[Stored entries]
= = = =

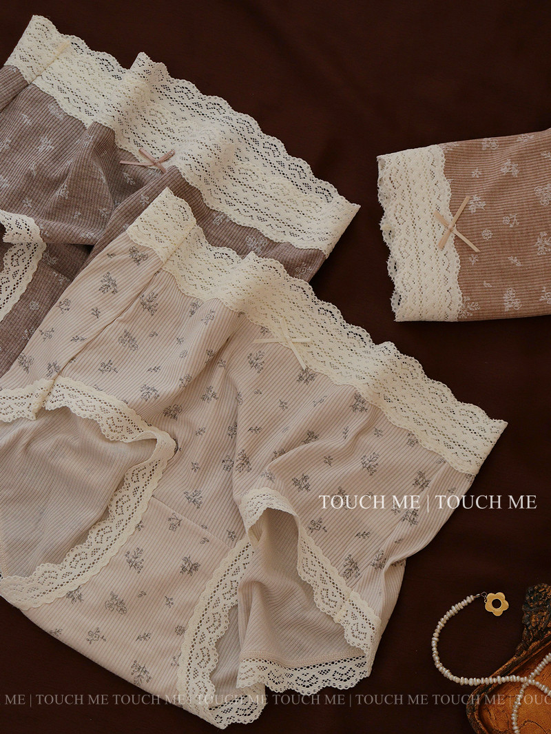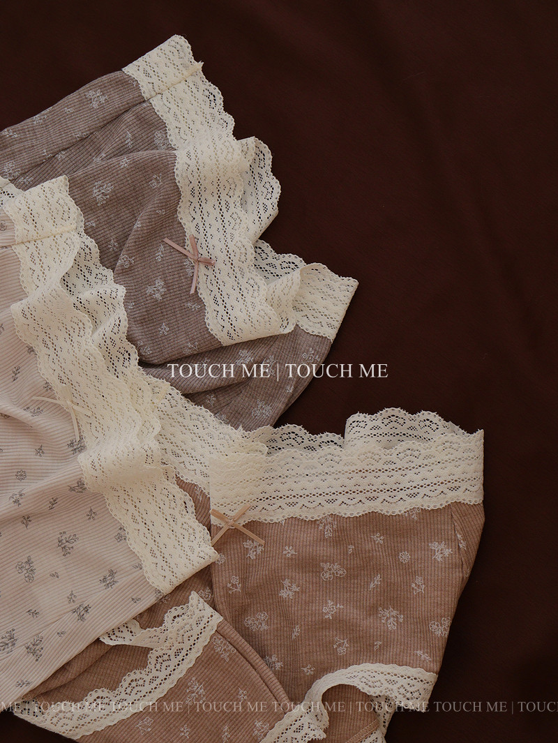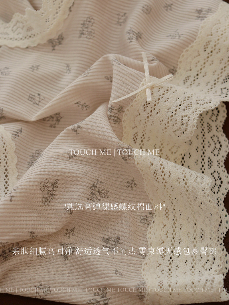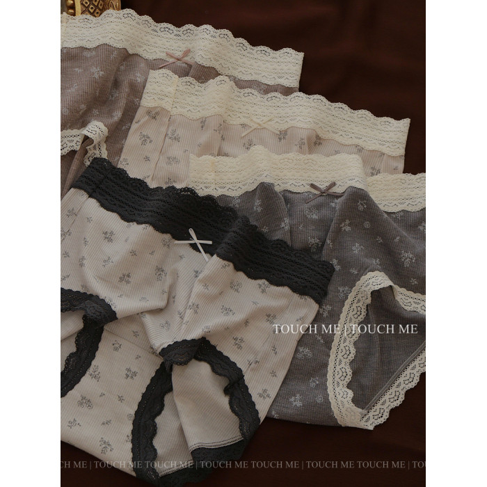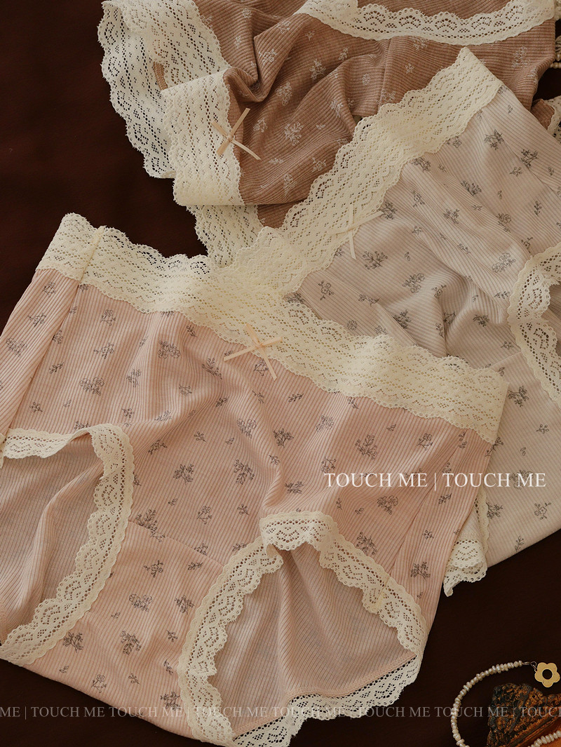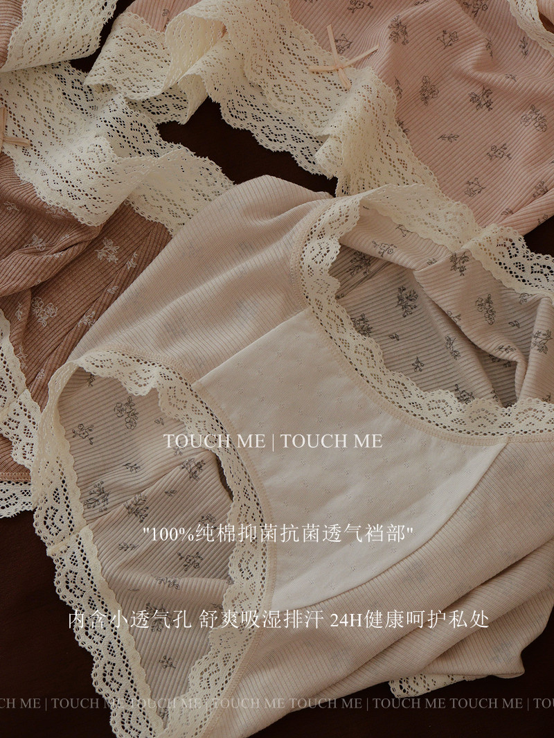 touchme法式復古螺紋碎花蕾絲邊裸感內褲女透氣抑菌純棉襠中腰3條
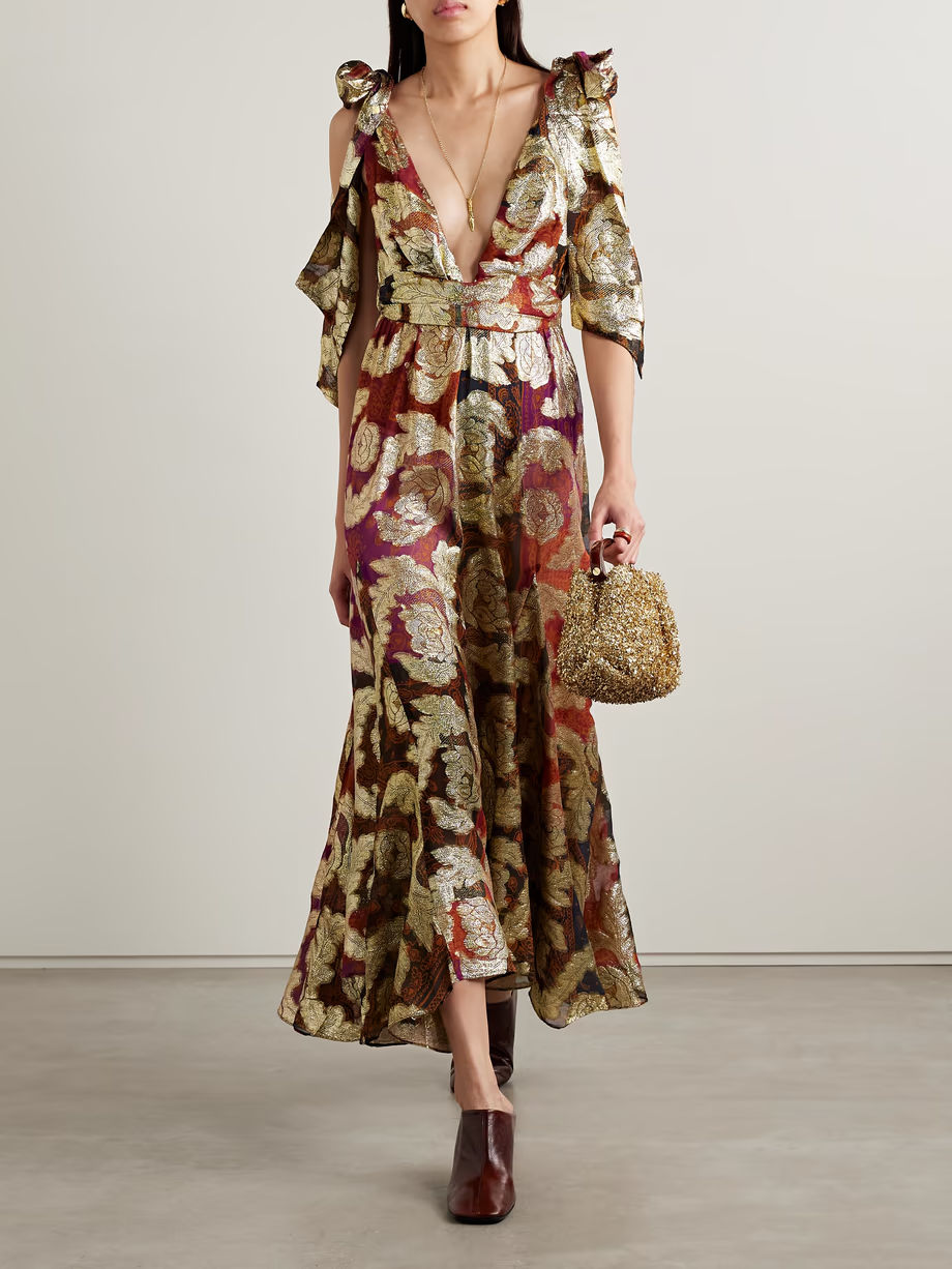 Farm Rio - Printed Metallic Fil Coupé Chiffon Maxi Dress - Red
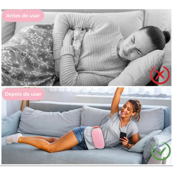 Com tecnologia de aquecimento inteligente e vibração relaxante, ela oferece um alívio térmico eficaz e constante — onde você estiver.
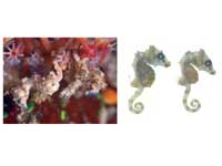 1)Tiny pea-sized seahorse (Hippocampus satomiae), with a standard length of 0.54 inches (13.8 millimeters) and an approximate height of 0.45 inches (11.5 millimeters).
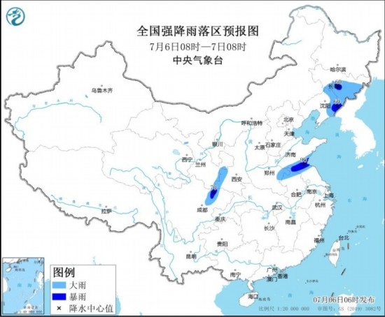 預(yù)計(jì),7月6日08時至7日08時,吉林中東部、遼寧東部、陜西南部、山東南部、河南東部、安徽北部、江蘇北部、四川盆地西北部等地部分地區(qū)有大雨,其中,吉林中東部、遼寧東部、山東南部、江蘇北部、四川盆地西北部等地部分地區(qū)有暴雨(50~90毫米)。上述部分地區(qū)伴有短時強(qiáng)降水(最大小時降雨量20~50毫米,局地可超過60毫米);吉林東部、遼寧東部、山東南部、河南東部、安徽北部、江蘇北部等地的部分地區(qū)將有8-10級雷暴大風(fēng)或冰雹天氣。中央氣象臺7月6日06時發(fā)布暴雨藍(lán)色預(yù)警和強(qiáng)對流天氣藍(lán)色預(yù)警。
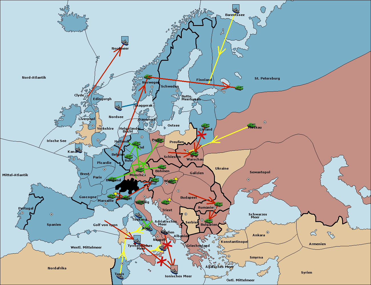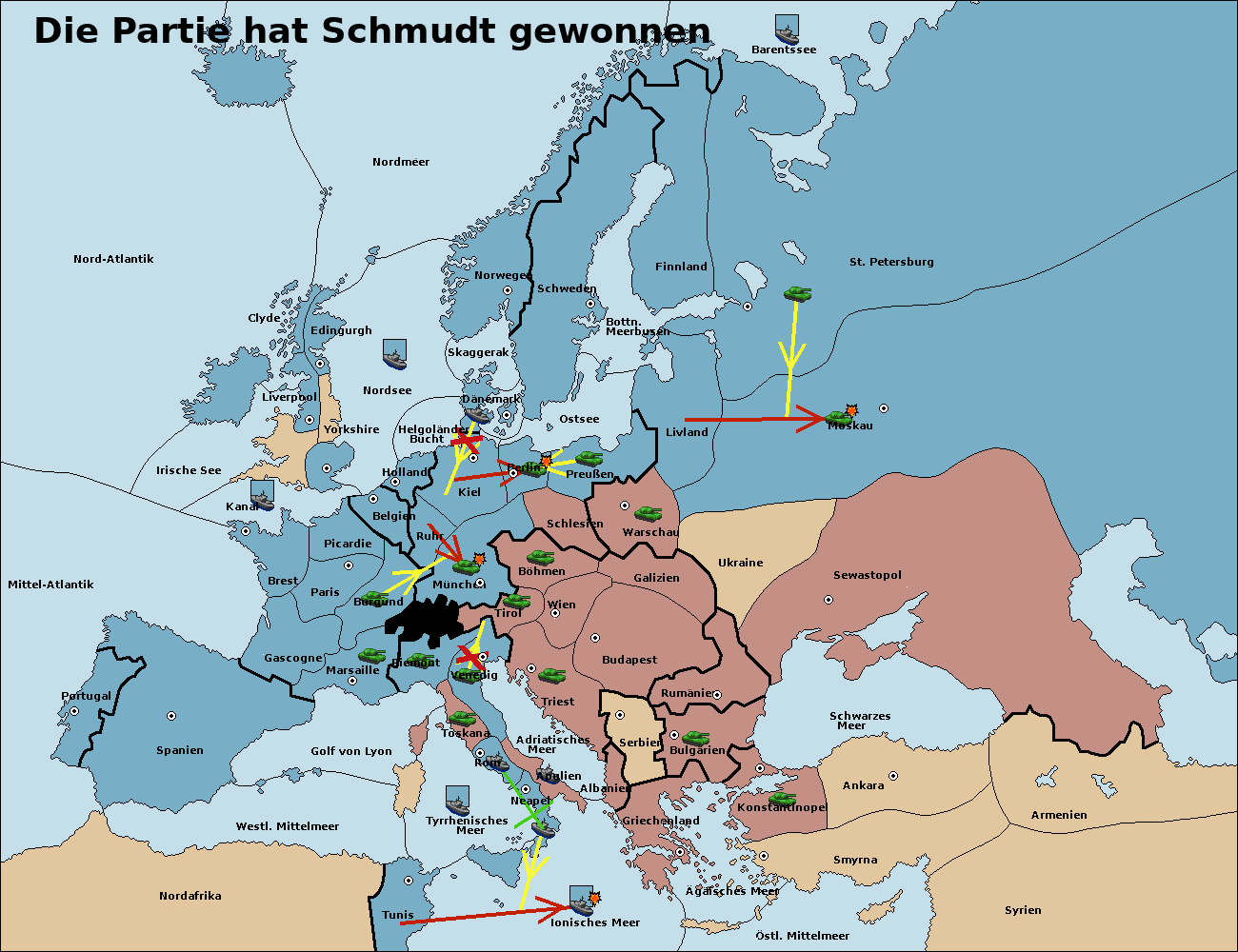 • Die Flotte in Dänemark support move nach Kiel von Ruhr. (gescheitert)

= = = =

__Task to complete__. Please provide a faithful transcription of all the data, pictures excluded.

__Task response__.
 touchme法式復古螺紋碎花蕾絲邊裸感內褲女透氣抑菌純棉襠中腰3條
 Farm Rio - Printed Metallic Fil Coupé Chiffon Maxi Dress - Red
 Com tecnologia de aquecimento inteligente e vibração relaxante, ela oferece um alívio térmico eficaz e constante — onde você estiver.
 1)Tiny pea-sized seahorse (Hippocampus satomiae), with a standard length of 0.54 inches (13.8 millimeters) and an approximate height of 0.45 inches (11.5 millimeters).
 預(yù)計(jì),7月6日08時至7日08時,吉林中東部、遼寧東部、陜西南部、山東南部、河南東部、安徽北部、江蘇北部、四川盆地西北部等地部分地區(qū)有大雨,其中,吉林中東部、遼寧東部、山東南部、江蘇北部、四川盆地西北部等地部分地區(qū)有暴雨(50~90毫米)。上述部分地區(qū)伴有短時強(qiáng)降水(最大小時降雨量20~50毫米,局地可超過60毫米);吉林東部、遼寧東部、山東南部、河南東部、安徽北部、江蘇北部等地的部分地區(qū)將有8-10級雷暴大風(fēng)或冰雹天氣。中央氣象臺7月6日06時發(fā)布暴雨藍(lán)色預(yù)警和強(qiáng)對流天氣藍(lán)色預(yù)警。
 • Die Flotte in Dänemark support move nach Kiel von Ruhr. (gescheitert)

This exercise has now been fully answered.